J.C. Peters

hillary clinton

Dear undecided progressive millennial,

 

You are in a tough spot. For you, the presidential election effectively ended when the fiery septuagenarian from Vermont and his political revolution were defeated by Hillary Clinton and her army of super-delegates. She has been asking for your vote ever since, but the political revolution still beckons and there is an alternative.

 

Jill Stein of the Green Party wants to erase all student debt, make education free from preschool through university, provide medicare to all, cut military spending in half, tightly regulate Wall Street and increase taxes on the wealthy while cutting them for the poor and middle class. Unfortunately, she is also the candidate for the Green Party.

 

Does it matter? That is up to you, but you do have a real choice to make.

 

To be sure, Jill Stein will not become President of the United States in 2017. It is as simple as that. Whether you vote for her or not at all, the outcome will be the same: either Hillary Clinton or Donald Trump will be the next POTUS (should either of them become incapacitated, their party’s national committee would elect another candidate).

 

But there are other ways to win at the voting booth.

 

By voting for Jill Stein instead of Hillary Clinton, progressive millennials could help the Green Party candidate make a much better showing at the polls, thus sending a strong message to the Democratic Party to take its left wing more seriously next time around, or risk losing an even bigger portion of the fast-growing young and progressive block to the Green Party.

 

Would it still be worth it if your vote for Jill Stein put Donald Trump in the White House?

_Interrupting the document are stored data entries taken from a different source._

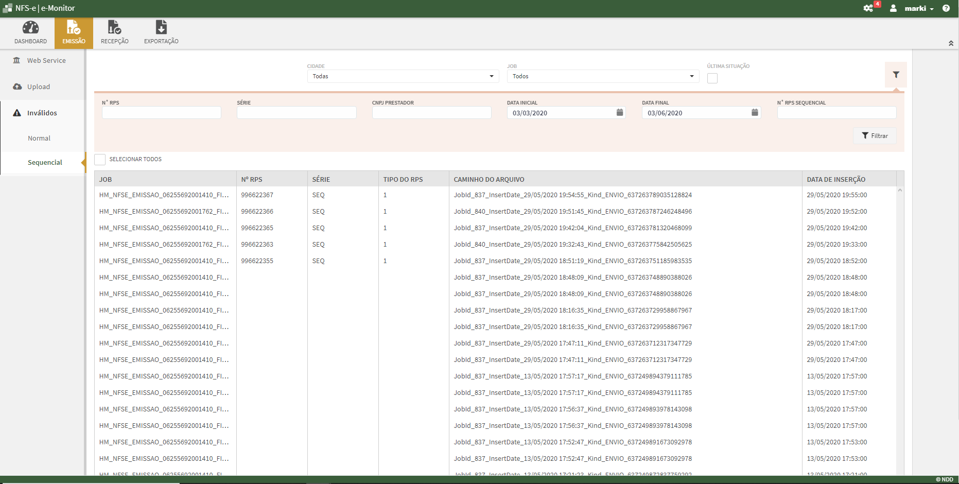 Documentos Inválidos Sequencial dispões dos seguintes filtros: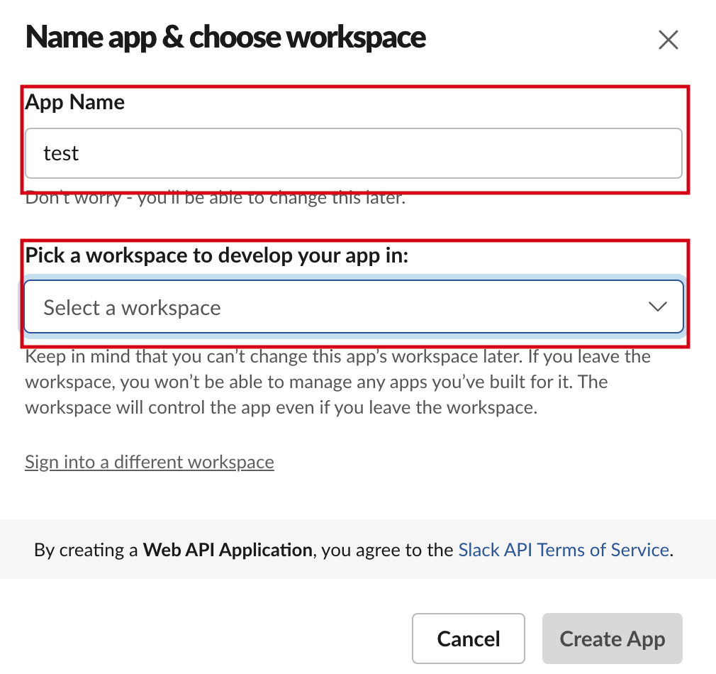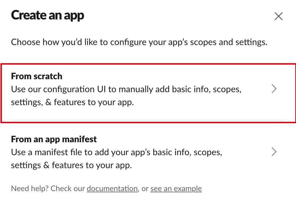 create app을 클릭하고 나면 아래와 같은 페이지가 나온다. 해당 페이지에서 'From Scratch'를 클릭한다. 그러면 app의 이름과 해당 app을 이용할 slack workspace를 선택한다.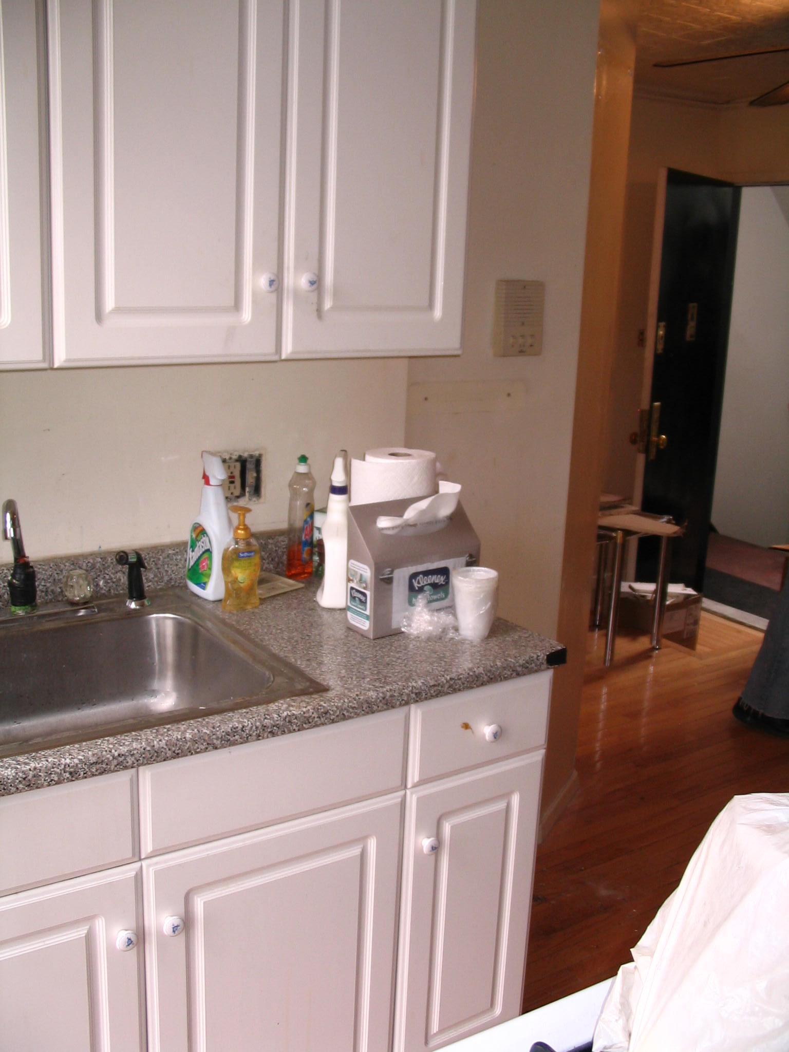 Notice the black tape around the faucet, and the rust around the edge of the sink’s perimeter. We tossed all of it but we should have kept the cabinet’s doorknobs, now that I think of it.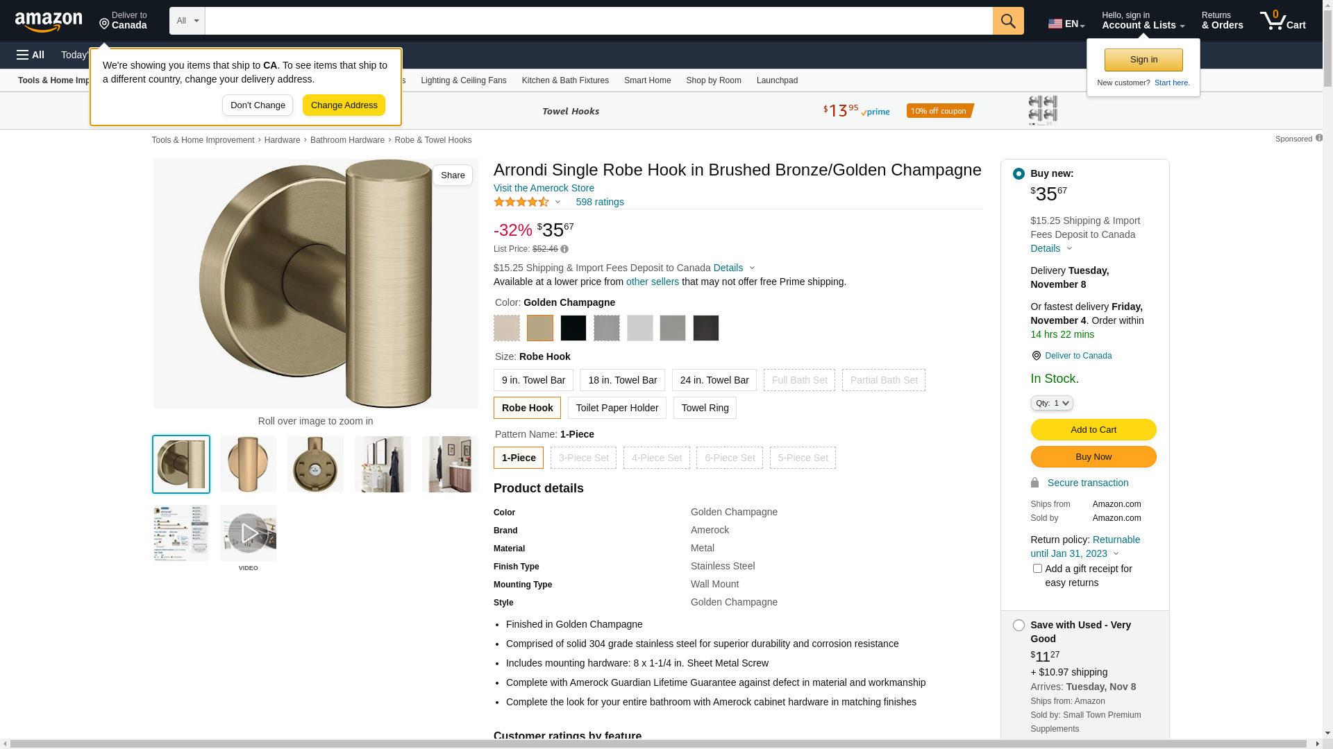 - Type: Accessory - Robe Hook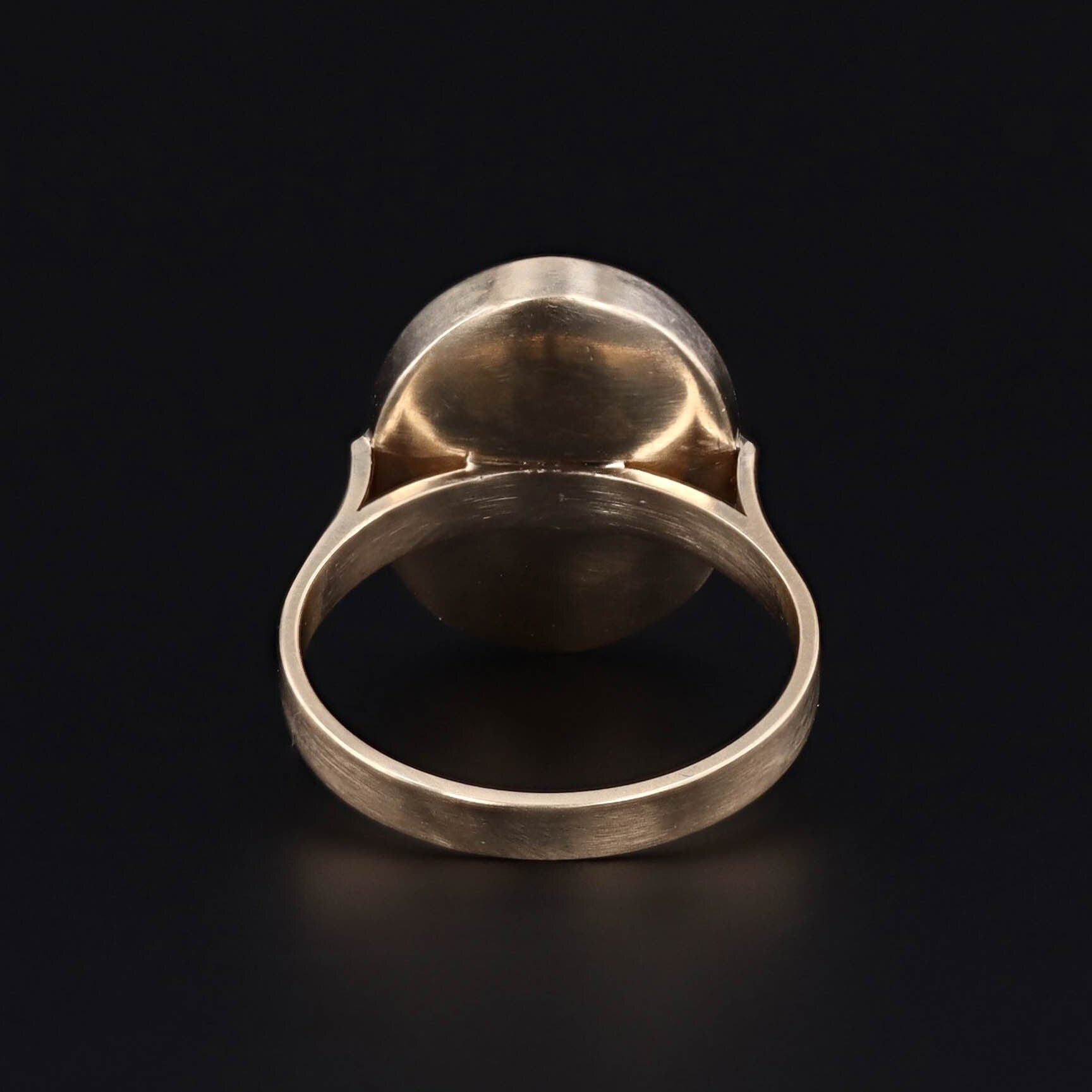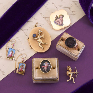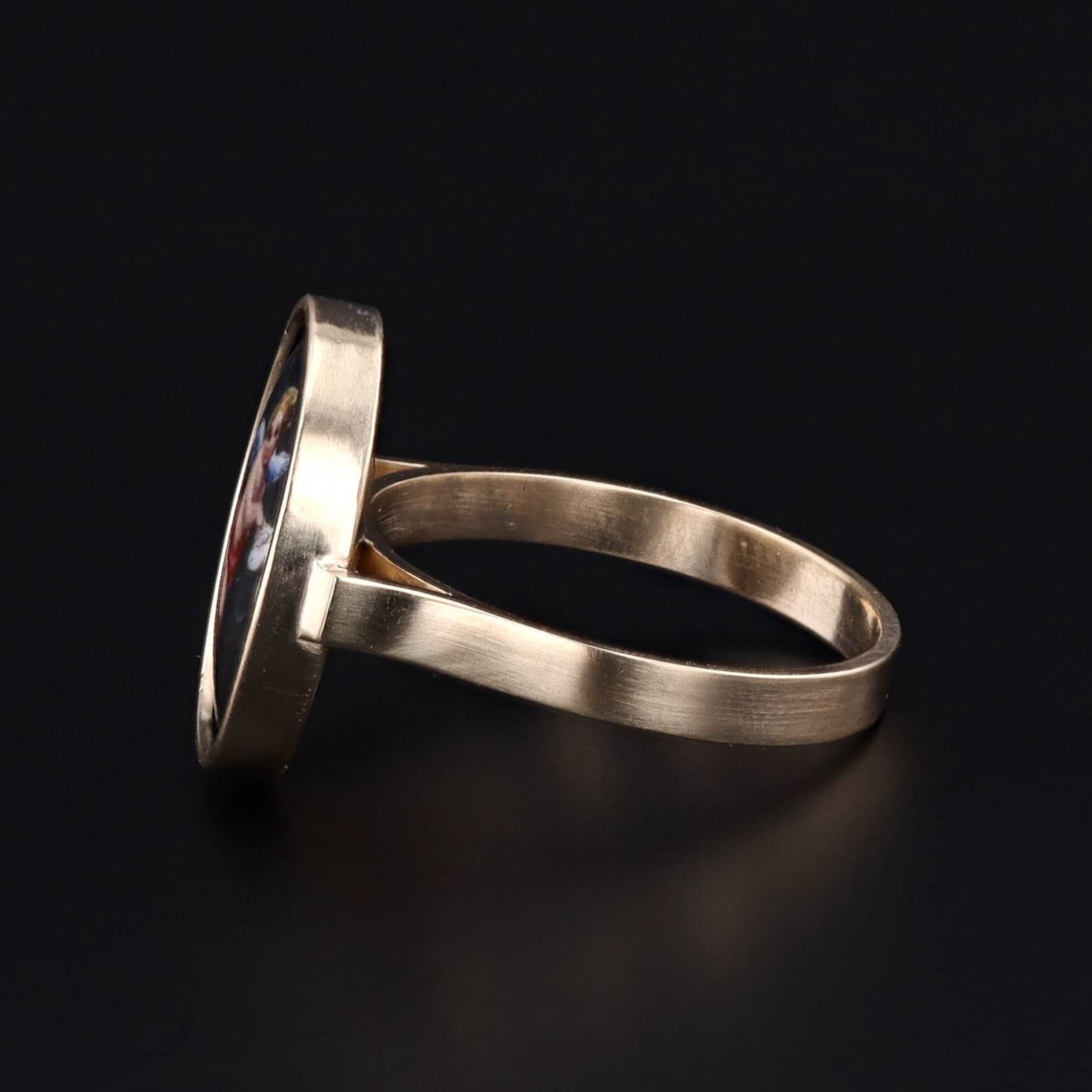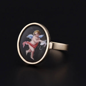 This romantic 14k gold ring showcases a finely detailed enamel portrait of a cherub tenderly holding a dove — a timeless symbol of peace and love. The face of the ring originated as an antique pin (circa 1890) and was thoughtfully transformed by our jeweler, who removed the original pin findings and mounted it onto a custom-crafted 14k gold band.

To Clinton supporters the answer is of course an unequivocal NO. They argue Mr. Trump is not only spectacularly unfit for the presidency but even dangerous. That he would not just ‘build The Wall’ but also deport eleven million illegal immigrants, wreck the economy, make entire ethnic minorities feel like it is 1950 again and maybe even start a nuclear war.

 

Now, a good part of this is classic fear mongering, propaganda designed to get your vote. Donald Trump may be many things, but he is not a mad man who is going to blow up the world—and implying otherwise is, frankly, a bit cheap.

 

But it would be bad. A trade war with China and Mexico, a costly ground war in Syria, strained diplomatic relations with countries around the globe and stepped up anti-Mexican and islamophobic rhetoric, it would all be on the table.

 

So yes, make no mistake about it, voting for Jill Stein to send a clear message to the Democratic Party could bring four years of bad policies, racist rhetoric and addresses to the nation that move effortlessly from insulting Rosie O’Donnell and bragging about how hot Ivanka Trump is, to boasting the first finished mile of the Great Trump Wall, while en passant advertising Trump steaks, Trump resorts and Trump mouth water.

 

Alternatively, you could buy into Hillary Clinton’s narrative that she may not subscribe to the progressive direction you want the Democratic Party to move in, but at least she is not Donald Trump. This is true. Just as it is true that if you allow yourself to be used like this every four years—threatened with doom and gloom on the one hand and pandered with hollow promises that never pan out on the other—the Democratic Party will never move in your direction. Realism is the enemy of change.

 

As Jefferson famously wrote when discussing Shays’ rebellion of 1786-87, an event that helped make the case for political reform at the Constitutional Convention:

 

“…what country can preserve it’s [sic] liberties if their rulers are not warned from time to time that their people preserve the spirit of resistance? (…) the tree of liberty must be refreshed from time to time with the blood of patriots and tyrants. It is it’s natural manure.”

 

If you always vote for the lesser of two evils instead of voting your conscience, then that is exactly what you will end up with every single time. A lesser evil.